[Instructions for the task] Word for word, retype the tail of the data below, starting with the line that has "Amazing north-east CORNER" and including the last line.

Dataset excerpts
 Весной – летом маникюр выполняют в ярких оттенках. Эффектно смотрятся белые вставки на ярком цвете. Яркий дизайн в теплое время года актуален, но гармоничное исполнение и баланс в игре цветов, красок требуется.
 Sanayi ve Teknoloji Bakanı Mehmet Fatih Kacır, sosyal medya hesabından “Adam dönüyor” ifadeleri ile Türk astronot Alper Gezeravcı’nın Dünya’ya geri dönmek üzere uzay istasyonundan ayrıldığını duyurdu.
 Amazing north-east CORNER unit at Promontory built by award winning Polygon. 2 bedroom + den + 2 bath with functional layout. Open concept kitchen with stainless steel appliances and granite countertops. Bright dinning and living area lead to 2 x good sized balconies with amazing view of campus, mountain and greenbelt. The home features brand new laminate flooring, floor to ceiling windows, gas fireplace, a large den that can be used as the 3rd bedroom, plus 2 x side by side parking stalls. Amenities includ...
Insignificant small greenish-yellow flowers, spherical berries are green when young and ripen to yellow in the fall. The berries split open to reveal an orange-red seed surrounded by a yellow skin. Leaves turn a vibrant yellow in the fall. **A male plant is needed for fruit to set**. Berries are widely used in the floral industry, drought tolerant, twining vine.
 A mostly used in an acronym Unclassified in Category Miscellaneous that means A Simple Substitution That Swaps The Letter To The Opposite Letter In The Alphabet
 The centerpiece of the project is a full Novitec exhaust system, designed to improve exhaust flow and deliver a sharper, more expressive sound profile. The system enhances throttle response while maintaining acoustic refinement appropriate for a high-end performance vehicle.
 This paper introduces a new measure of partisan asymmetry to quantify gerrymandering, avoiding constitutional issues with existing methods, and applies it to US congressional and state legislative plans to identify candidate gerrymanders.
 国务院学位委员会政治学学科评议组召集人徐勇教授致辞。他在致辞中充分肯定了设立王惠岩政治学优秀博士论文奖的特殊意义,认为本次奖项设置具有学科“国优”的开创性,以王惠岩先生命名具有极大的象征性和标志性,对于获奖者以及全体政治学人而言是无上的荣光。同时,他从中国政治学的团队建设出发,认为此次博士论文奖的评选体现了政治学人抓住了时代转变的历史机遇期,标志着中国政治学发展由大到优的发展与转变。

[Output of the exercise]
 Amazing north-east CORNER unit at Promontory built by award winning Polygon. 2 bedroom + den + 2 bath with functional layout. Open concept kitchen with stainless steel appliances and granite countertops. Bright dinning and living area lead to 2 x good sized balconies with amazing view of campus, mountain and greenbelt. The home features brand new laminate flooring, floor to ceiling windows, gas fireplace, a large den that can be used as the 3rd bedroom, plus 2 x side by side parking stalls. Amenities includ...
Insignificant small greenish-yellow flowers, spherical berries are green when young and ripen to yellow in the fall. The berries split open to reveal an orange-red seed surrounded by a yellow skin. Leaves turn a vibrant yellow in the fall. **A male plant is needed for fruit to set**. Berries are widely used in the floral industry, drought tolerant, twining vine.
 A mostly used in an acronym Unclassified in Category Miscellaneous that means A Simple Substitution That Swaps The Letter To The Opposite Letter In The Alphabet
 The centerpiece of the project is a full Novitec exhaust system, designed to improve exhaust flow and deliver a sharper, more expressive sound profile. The system enhances throttle response while maintaining acoustic refinement appropriate for a high-end performance vehicle.
 This paper introduces a new measure of partisan asymmetry to quantify gerrymandering, avoiding constitutional issues with existing methods, and applies it to US congressional and state legislative plans to identify candidate gerrymanders.
 国务院学位委员会政治学学科评议组召集人徐勇教授致辞。他在致辞中充分肯定了设立王惠岩政治学优秀博士论文奖的特殊意义,认为本次奖项设置具有学科“国优”的开创性,以王惠岩先生命名具有极大的象征性和标志性,对于获奖者以及全体政治学人而言是无上的荣光。同时,他从中国政治学的团队建设出发,认为此次博士论文奖的评选体现了政治学人抓住了时代转变的历史机遇期,标志着中国政治学发展由大到优的发展与转变。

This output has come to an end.